What are the benefits of Electronic Transferable Records [ETRs]
?
Transferable
documents or instruments are essential to the functioning of international
commerce. They include but are not limited to, bills of lading, promissory
notes, bills of exchange, cheques, warehouse receipts, and insurance
certificates.
Electronic
Transferable Records, therefore, refers to electronic equivalents of
transferable documents and instruments. An electronic bill of lading, or eBL,
is one such example.
Electronic
transferable records bring a host of benefits.
1. Their
use can reduce fraud risk in trade finance. Issuance of ETRs recorded on
distributed ledgers, for instance, can guarantee singularity of an ETR, and
identify the entity that has exclusive control of the record at any one time.
Early in the pandemic there were a raft of commodity trade fraud cases,
particularly in Asia-Pacific. Letters of credit were duplicated, or were
created for non-existent goods. ETRs can help to mitigate this risk.
2. ETRs
can provide access to new forms of metadata throughout supply chains, further
enabling industries to measure and course-correct their progress toward the
United Nations Sustainable Development Goals.
3. Improved
quality of the data that companies use for their reporting and analytics needs,
will increase analytic accuracy and enable all companies—from MSMEs to
multinationals—to better anticipate market movements.
4. Through
the liberation of quality data throughout supply chains and international trade
processes, financial institutions will be able to find new mechanisms to
measure risk, including ESG risk, offering up new asset classes that can drive
sustainability in trade finance and help minimize the trade finance gap.
5. ETRs
are much faster than their physical counterparts. Consider that prior to the
pandemic, express couriering of a negotiable instrument from Seoul to Singapore
took a matter of hours. In the early days of the pandemic, when jurisdictions
around the world were enacting lockdowns, that same negotiable instrument was
taking upwards of a week to arrive. It cost more to deliver the document, it
took longer to unload cargo, and ships incurred significant demurrage fees
while goods languished in ports. ETRs can make trade faster, cheaper, more
secure, and will have environmental and social co-benefits for all.

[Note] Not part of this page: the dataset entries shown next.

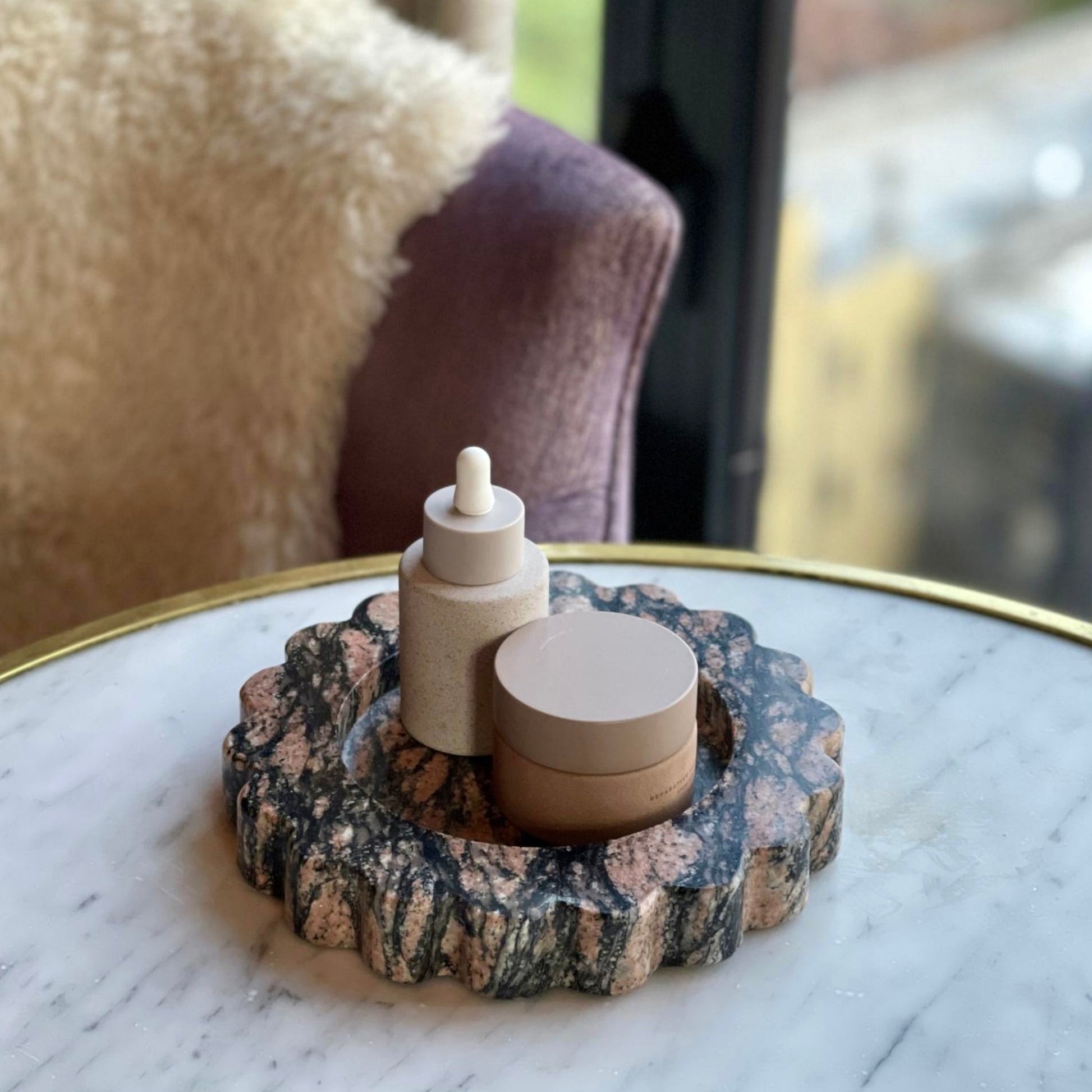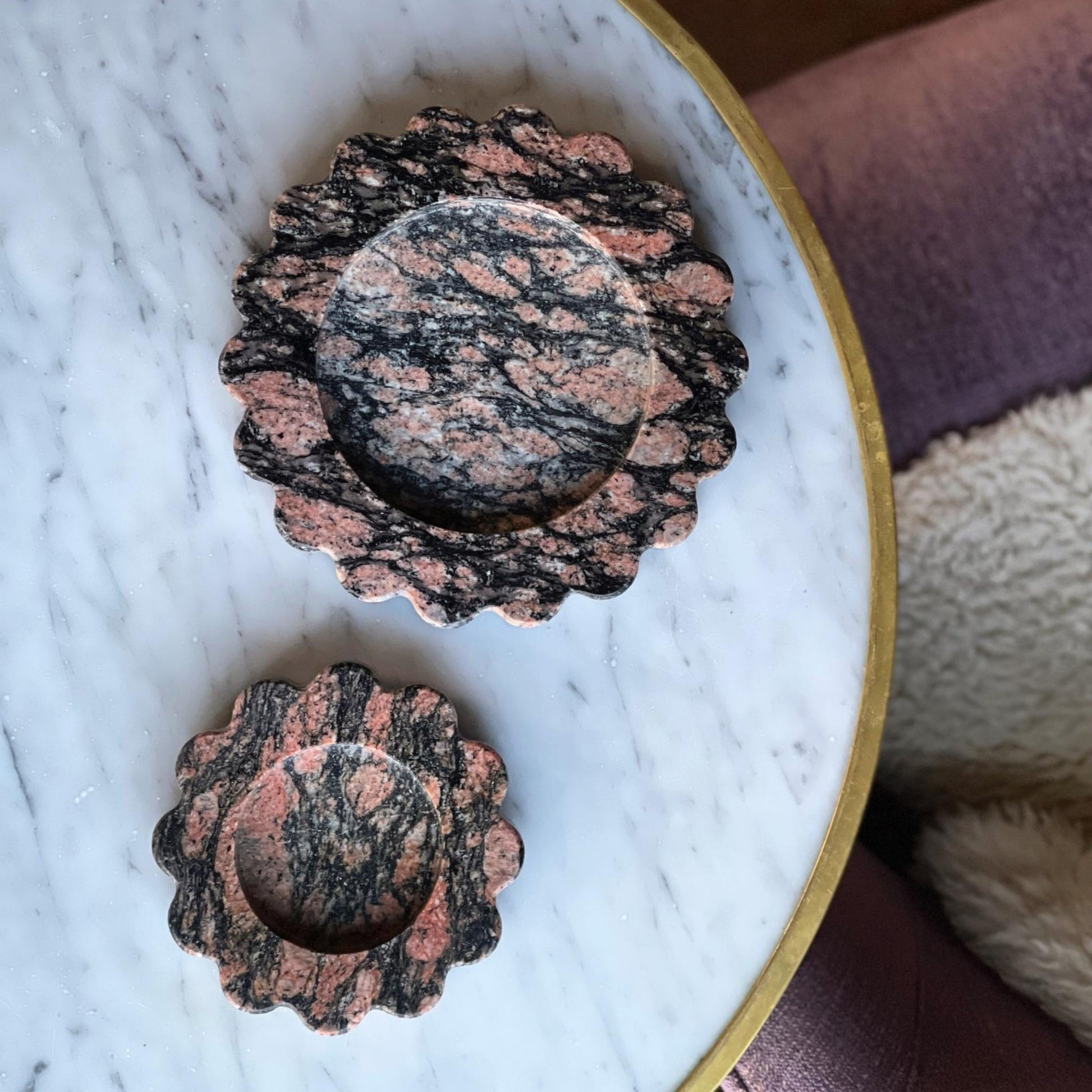 The Sun is a sculptural eight inch round tray cut from a single piece of solid marble or stone with scalloped edges, hand-finished by artisans in a growing stone atelier in Rajasthan, India.
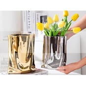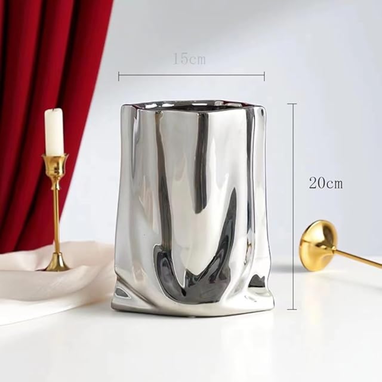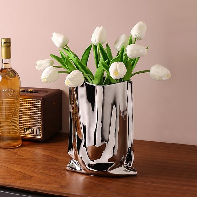 このセラミック花瓶のユニークなデザインは、しわになった紙袋のダイナミックな美しさを維持するだけでなく、セラミック花瓶の繊細でモダンな美しさを取り入れ、見るのに飽きません。
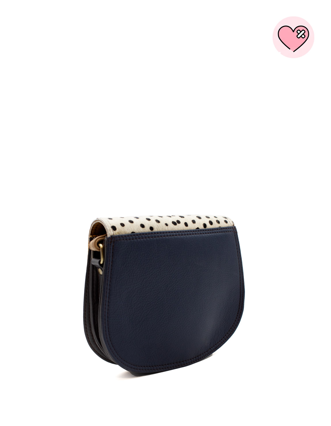 Diese kleine, sattelförmige Tasche ist ein Unikat und passt zu jedem Outfit. Sie verfügt über drei Innenfächer, eines davon mit Reißverschluss, sowie ein zusätzliches Reißverschlussfach.
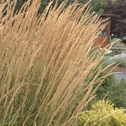 Create a stunning vertical effect with feathery stalks that emerge reddish brown in spring and turn a rich golden color in fall. Thrives in wet soils, yet tolerates drier conditions. Stalks make great cut flowers. Sterile seeds do not produce unwanted seedlings. Full sun. Up to 2' tall and wide. Zones 4-9.
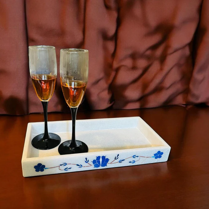 - The Marble Tray is expertly crafted from white marble with elegant inlay on the sides.
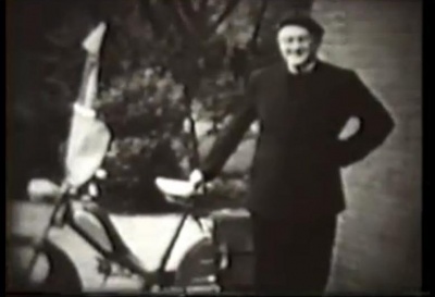 Pastoor De Greef met de nieuwe bromfiets die hij bij zijn 25-jarig priesterfeest kreeg. Beeld uit de promotiefilm van 1956.
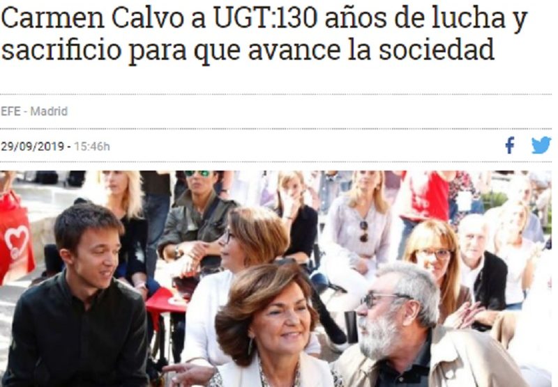 El Diario. Septiembre de 2019 La vicepresidenta del Gobierno en funciones, Carmen Calvo, ha agradecido a la Unión General de Trabajadores (UGT) y a sus 130 años de historia por su “lucha y sacrificio” por defender los derechos de los trabajadores y por el avance hacia una...
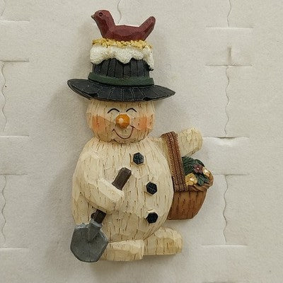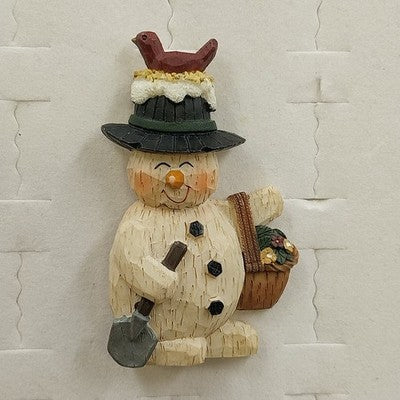 Acrylic Snowman Brooch Lapel Pin with Shovel Bird & Basket Christmas 2.5"
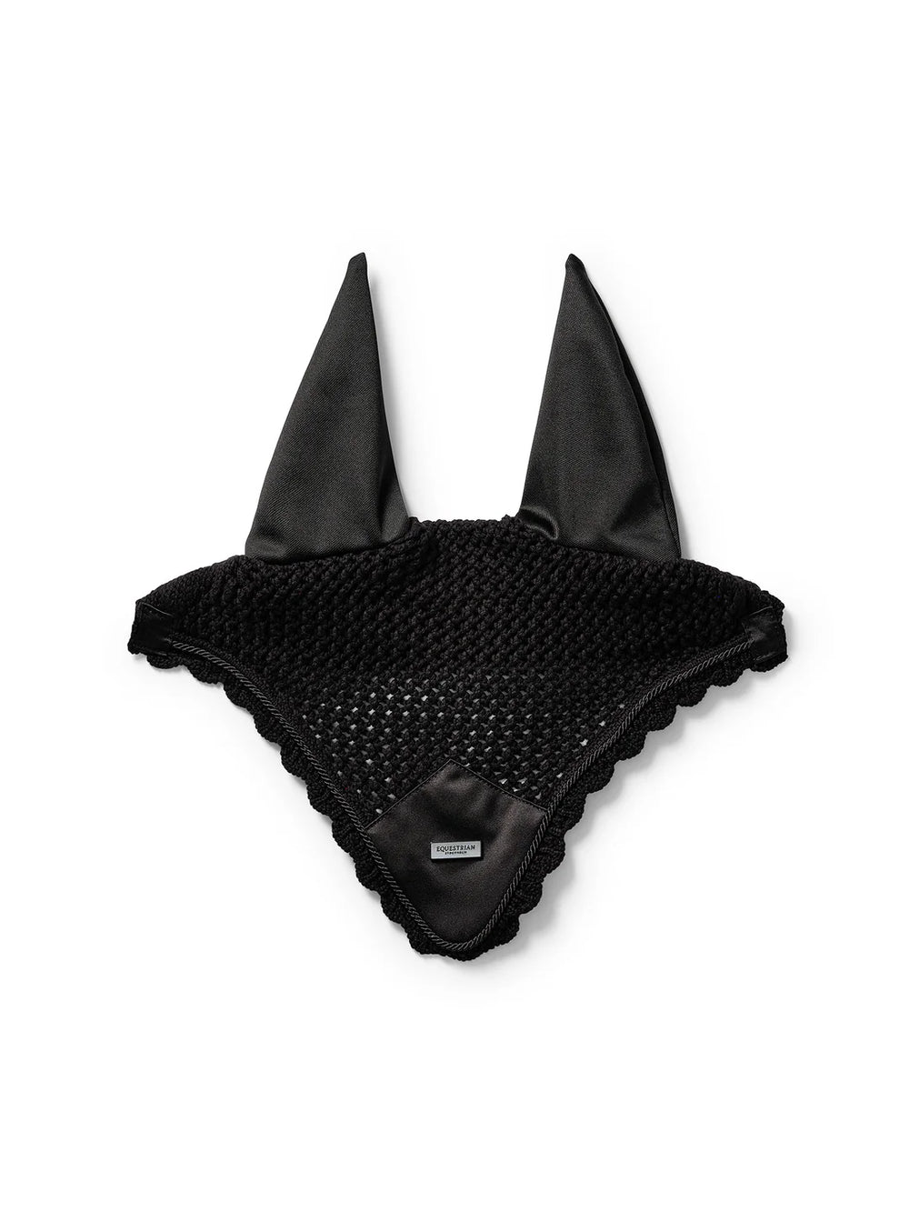 Luxurious, crocheted ear bonnet in a stylish black colour. Decorated with a black satin patch on the front, black edge border, and a silver Equestrian Stockholm badge. The ear net provides both insect protection and noise reduction. It has elastic cloth on the ears for extra comfort.
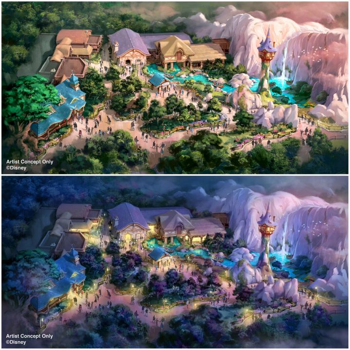 ▲上:「ラプンツェルの森」全景(昼)、下:「ラプンツェルの森」全景(夜) ※画像はイメージ ©Disney
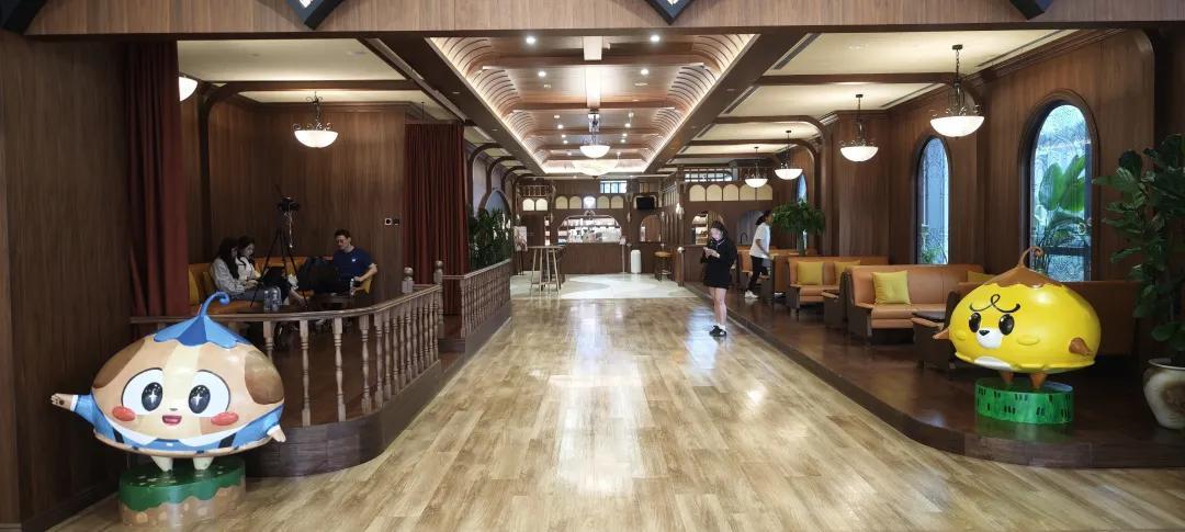 今天庫克參觀的是莉莉絲在上海科技綠洲的辦公樓,其咖啡公共空間的設計與《劍與遠征》系列中的月桂小酒館極其相似,相當於莉莉絲在自家公司還原了自家遊戲的標誌性場景。這裏每隔1週週五會舉辦「日咖夜酒」活動,莉莉絲成員可以在放鬆的氛圍中和同事、朋友閒聊。
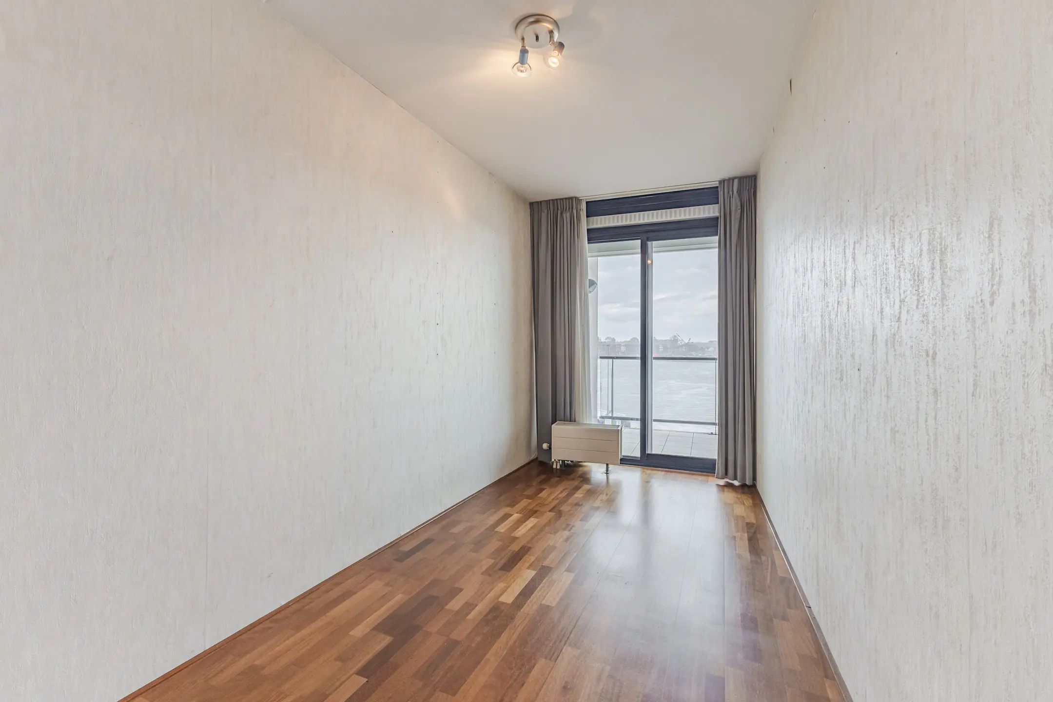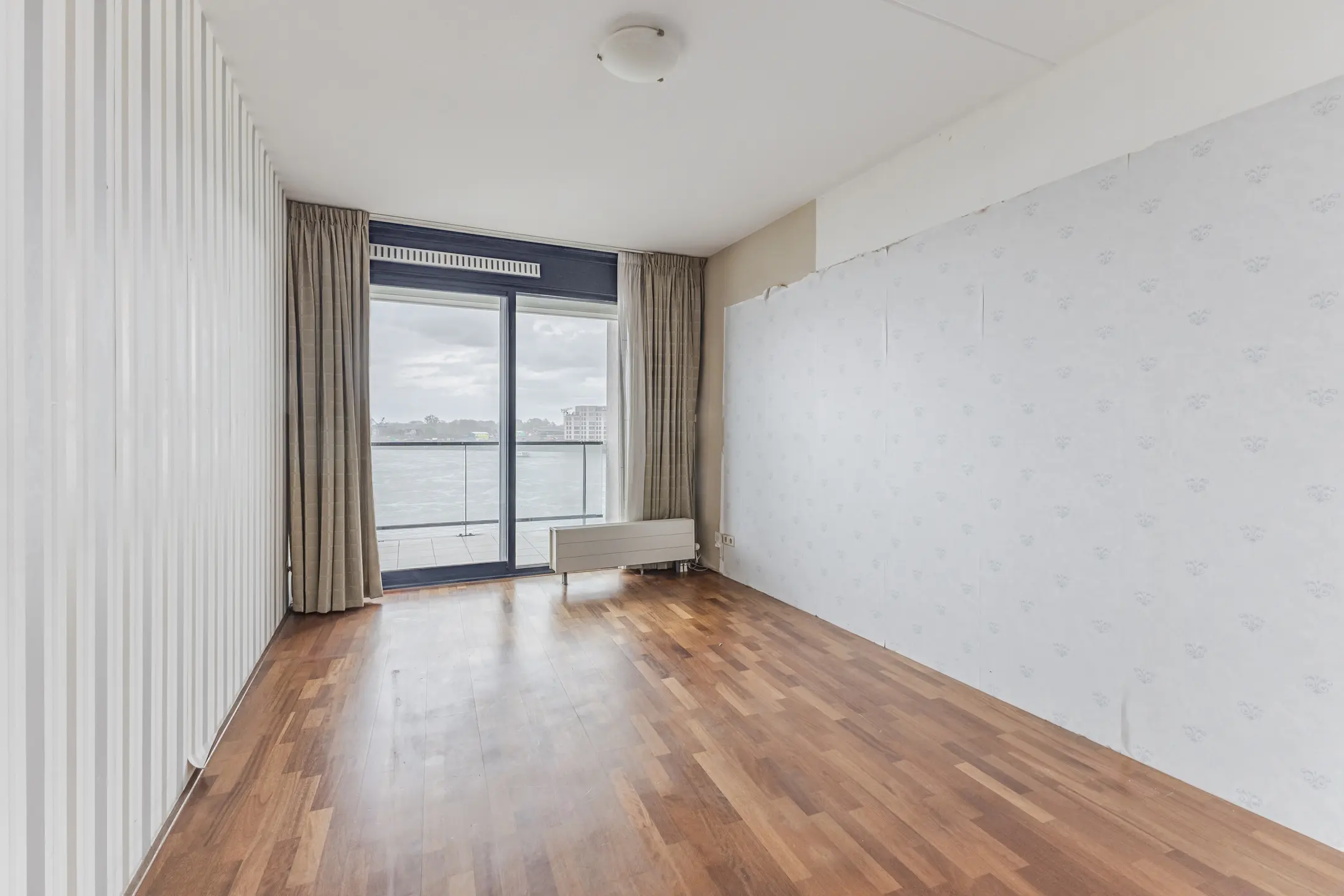 De woon- en eetkamer is voorzien van een parketvloer en biedt een prachtig uitzicht op de rivier. Vanuit zowel de woonkamer als de slaapkamers bereikt u het zonnige balkon/terras op het zuidoosten – een fijne plek om buiten te zitten.
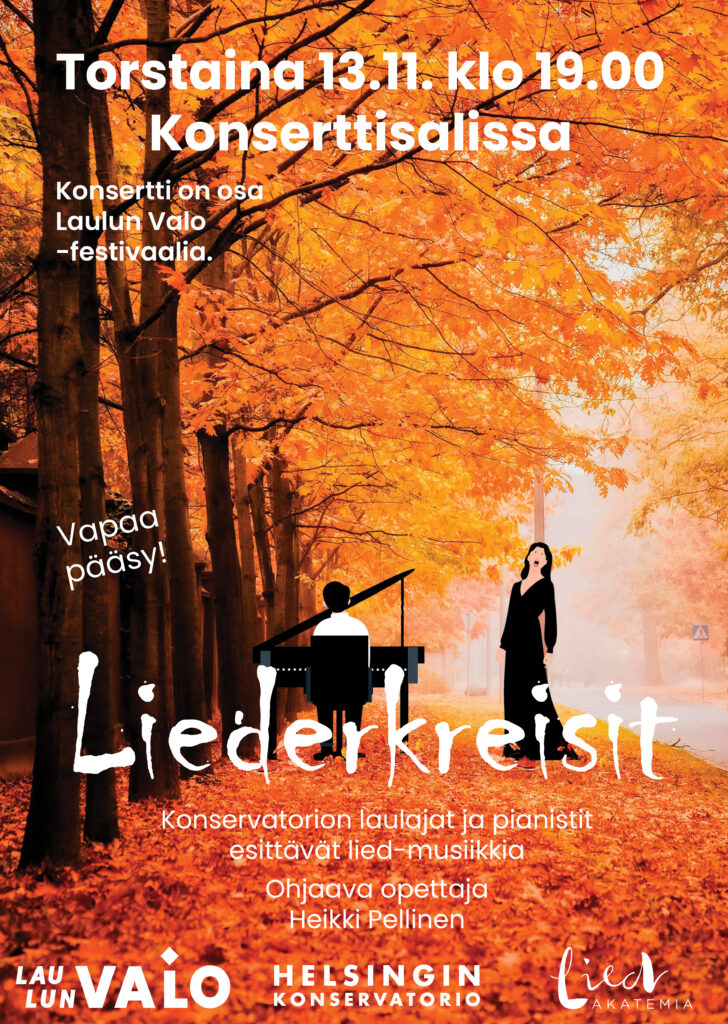 Liedseminaarin syyssatoa. Helsingin Konservatorion laulajat ja pianistit esiintyvät ja esittävät syksyn liedseminaarissa opiskeltua lied-musiikkia. Mm. Schubert, Schumann, Brahms, Melartin, Sibelius, O. Merikanto, Tšaikovski. Ohjaava opettaja Heikki Pellinen. Vapaa pääsy.
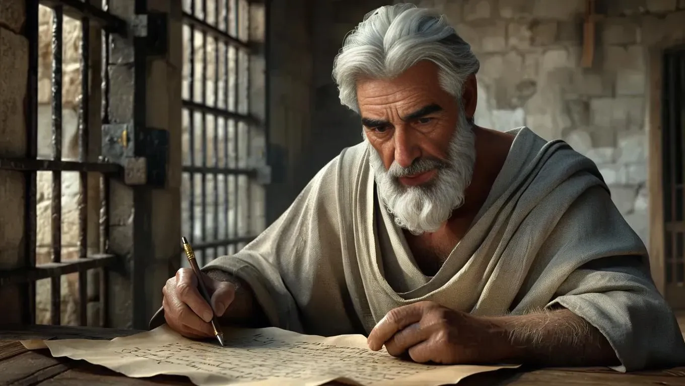 Create a realistic AI-generated image of a 50-year-old man in a Roman prison, with white hair, a beard, and a weathered gray tunic, meticulously writing on parchment. Ideal for historical storytelling, educational visuals, or artistic projects requiring authentic ancient Roman scenes and emotional character depth.

In most jurisdictions around the
world, transferable documents or instruments are legally required to be in
writing and presented in paper format.
The UNCITRAL Model Law on Electronic
Commerce of 1996, or “MLEC”, provides that information shall not be denied
legal effect, validity, or enforcement solely on the grounds that it is in the
form of a data message. Legislation based on or influenced by the Model Law has
been adopted in 82 States and a total of 162 jurisdictions as on date.
The Model Law does not specifically
exclude negotiable or transferable records from its sphere of application,
instead encouraging enacting States to specify what exclusions they deem
appropriate.
Many states chose to exclude ETRs from the Model Law’s sphere of application.